きりわり
「きりわり」という言葉を初めて聞いたのは、天狗山の麓にある松ケ枝中学校に入学した昭和46年(1971年)だった。
松中(まっちゅう)は、最上小校区全域と、緑小、入船小校区の一部が校区となっている。基本的にはその3校から、生徒が集まってくる。最大集団は何といっても全入の最上小で、クラスの半分弱を占めていた。わが母校緑小は第二勢力、入船小は最小集団だった。最小といってもクラス40名中、10名弱は在籍していたので、現在の小中学校の状況とは大分違うかもしれない。
さて、自分の住んでいる地域を表すのに、丁目や番地だけではなく、通りや、建物、商店、ランドマークなどで表すのは多いと思う。
入学クラスの自己紹介の中で、入船小出身で家は「きりわり」の下です。と言った同級生がいた。「きりわり」ってどこだ??? 聞いたことないぞ・・・。大体「きりわり」って何だ???
同じ感想を持った生徒もいたようで、先生に
「きりわりってどこですか」
「きりわりっていうのは、松ケ枝から奥沢水源地に抜ける道路にある、山を削って道路をつくった場所のことだ。厳密には地名ではないのだけれど、その地域の人たちはみんな地名のように言っているんだよ、そうだよな」
と「きりわり」の下と答えた同級生に同意を求め、みんなに教えてくれた。
その時私が思ったのは、なるほど読んで字の如く、切って割った道路か!!!
そうしたら山坂の街小樽は「きりわり」だらけじゃないか!!!
時は過ぎ、活動範囲も広がると、「きりわり」だらけの小樽で「きりわり」を地名のように使っているのがここだけだと、改めて先生の言ったことを確信している。

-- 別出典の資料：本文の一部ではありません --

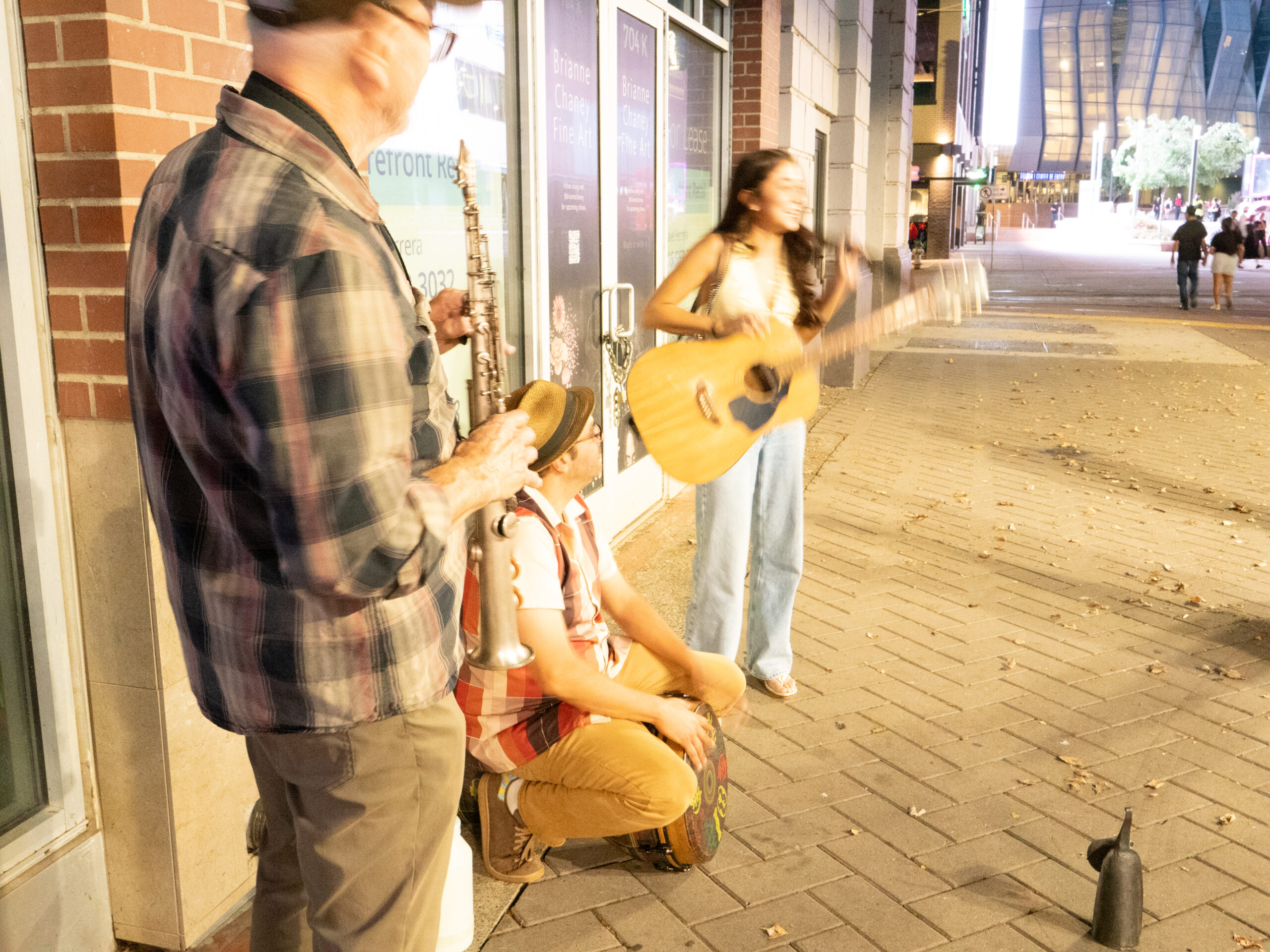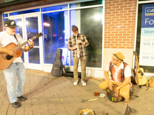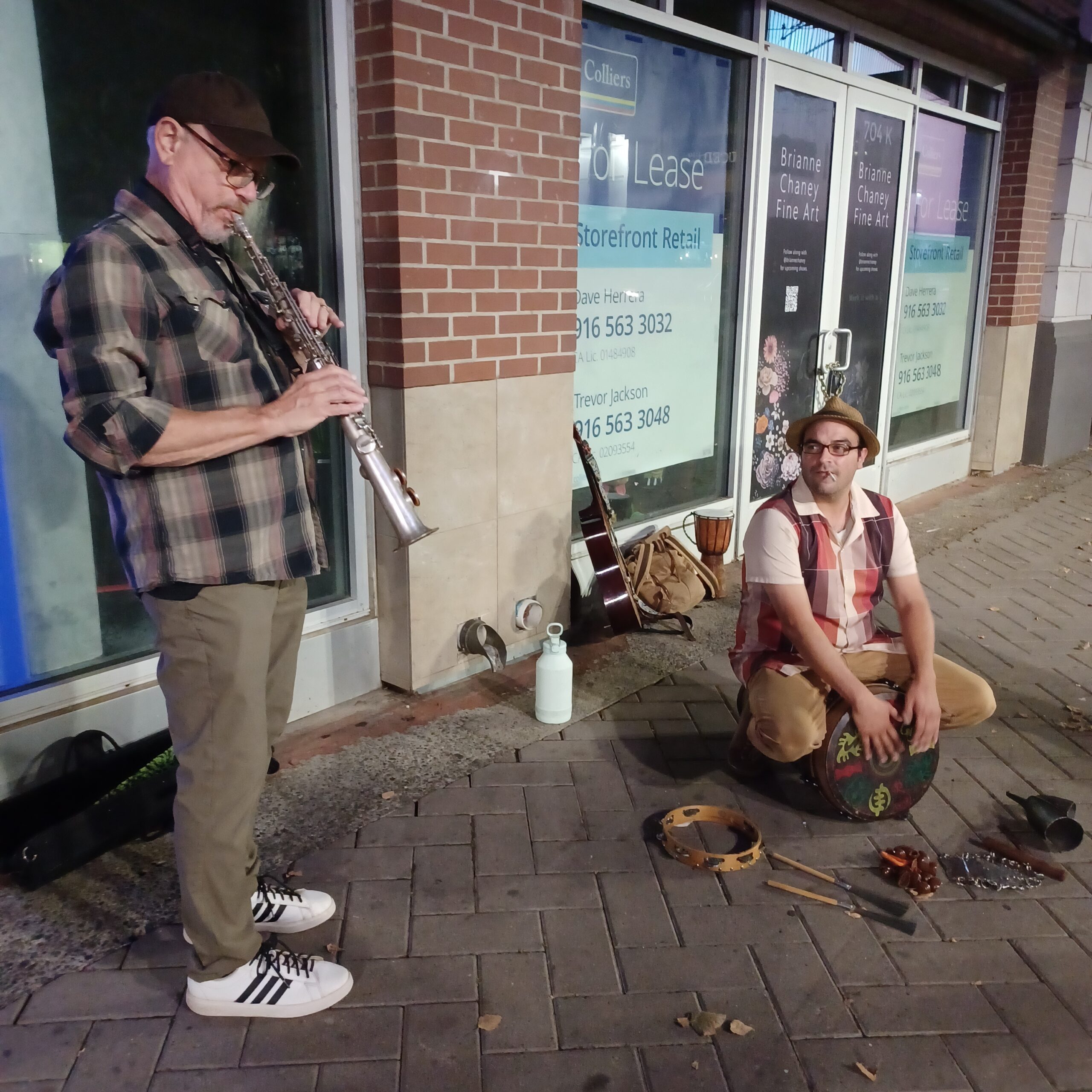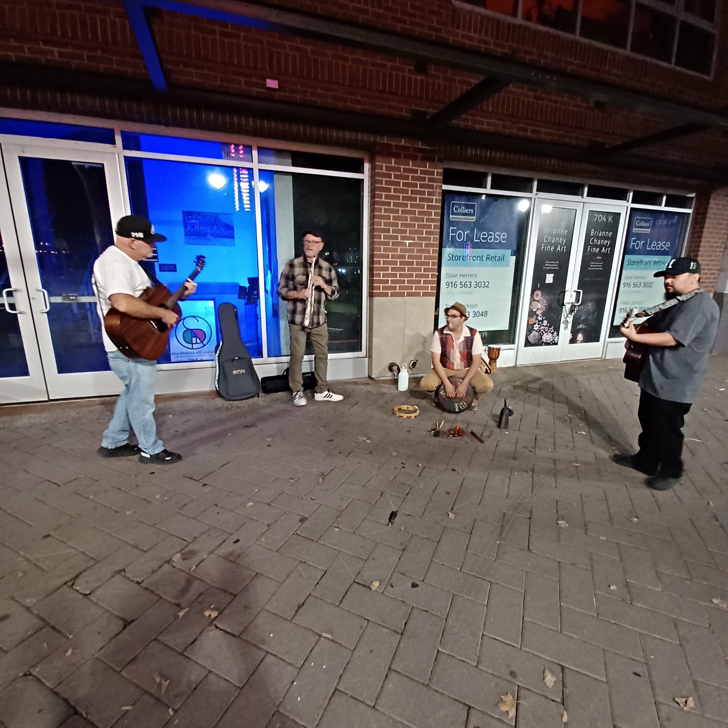 Notes: Rob Esperanza has a text event list he sends out flyers. So I saw it and decided I would go. He doesn’t run the event. The organizers showed up a little late to open the door. So Rob started a little street open mic. And people showed up to play some of the instruments Rob had out there. It was interesting that people actually left a dollar or two. I was wondering if Sacramento is starving for art and culture so much downtown. Also, I must mention the street preacher by the DoCo sign. Using a very loud speaker, so we were a bit of competition for him. He was preaching up a storm.

それはそれで面白いのだが、なぜ、松ヶ枝と奥沢の境目だけ「きりわり」と呼ぶのだろうかという疑問にもぶち当たる。ご存じの方がいたら教えてほしい・・・。
ちなみに、「きりわり」をもって松中と向陽中との境界線となっていたのだが、運動部のジョギングでも、この「きりわり」を折り返し点として使っていた。